Take $Y=\omega\times P^*.$ This is the set of atoms for the permutation model. The group of automorphisms is the direct product of countably many copies of the order automorphism group of $P^*,$ in symbols $\mathrm{Aut}(P^*,<)^\omega,$ with the normal filter generated by the subgroup of elements whose first $n$ components are trivial. This group acts on $Y$ by $g(i,g_i(p))=(i,p).$ Construct the permutation model of hereditarily symmetric sets with respect to this group action and normal filter.

The resulting permutation model contains $Y$ and the algebra $\mathcal N$ of subsets of $Y$ such that there exists $n$ such that for each $i\geq n,$ the set $Y\cap(\{i\}\times P^*)$ is either $\emptyset$ or $\{i\}\times P^*.$ Internally, $\mathcal N$ is a $\sigma$-algebra.
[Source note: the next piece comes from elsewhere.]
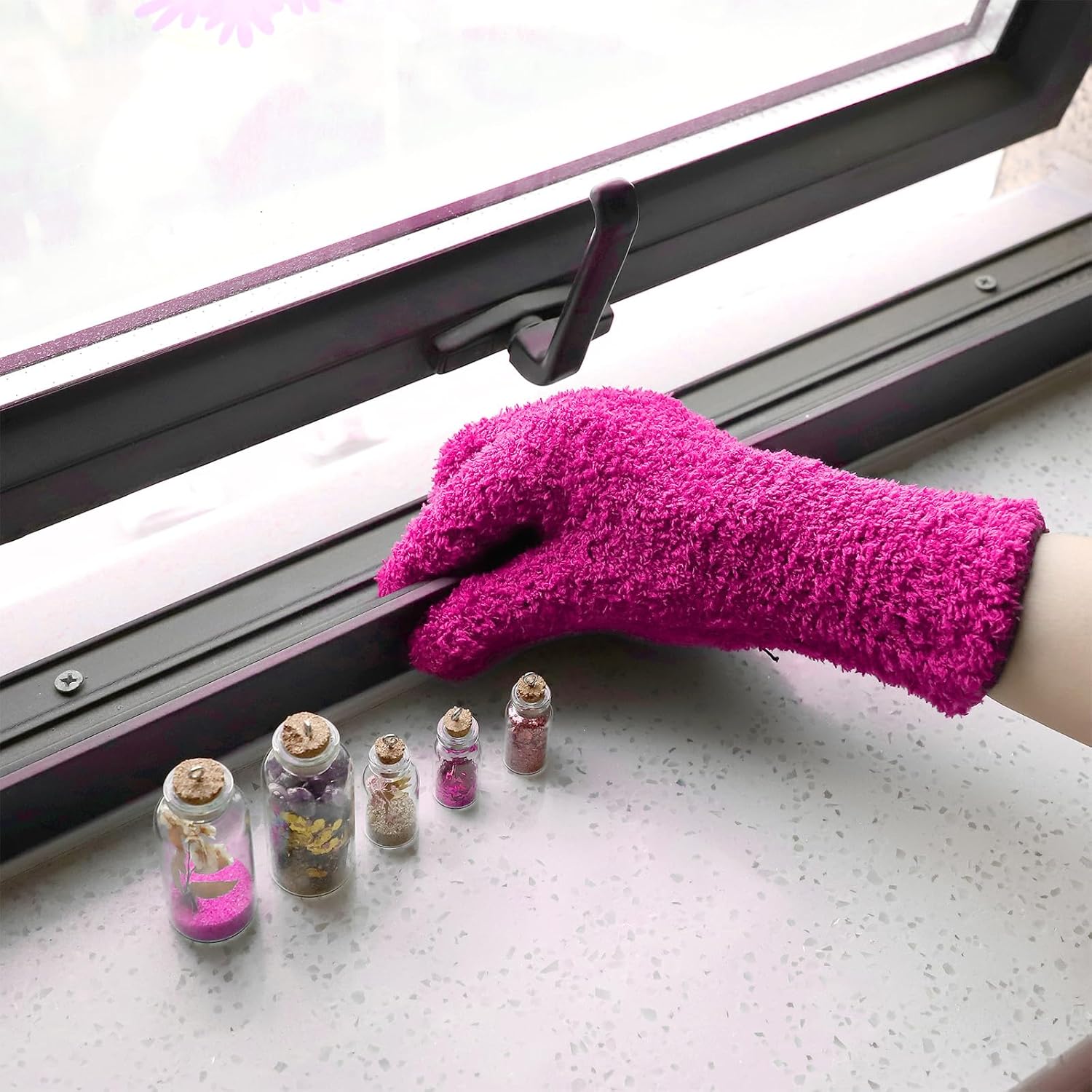 Patelai 2 Pairs Microfiber Gloves for plants Dusting Cleaning Glove Mittens House Cars Blinds Dusting(Pink, Rose Red, Large)

Let $X=\omega\times \{-\infty,\infty\}\subset Y$ and let $f:X\to Y$ be the inclusion map. Then $\mathcal M=\{f^{-1}(E):E\in\mathcal N\}$ is not a $\sigma$-algebra: it contains the sequence of sets $D_n=n\times\{-\infty\},$ but not $\bigcup_n D_n=\omega\times\{-\infty\}.$

You can use the Jech-Sochor embedding theorem to embed this counterexample in a model of ZF.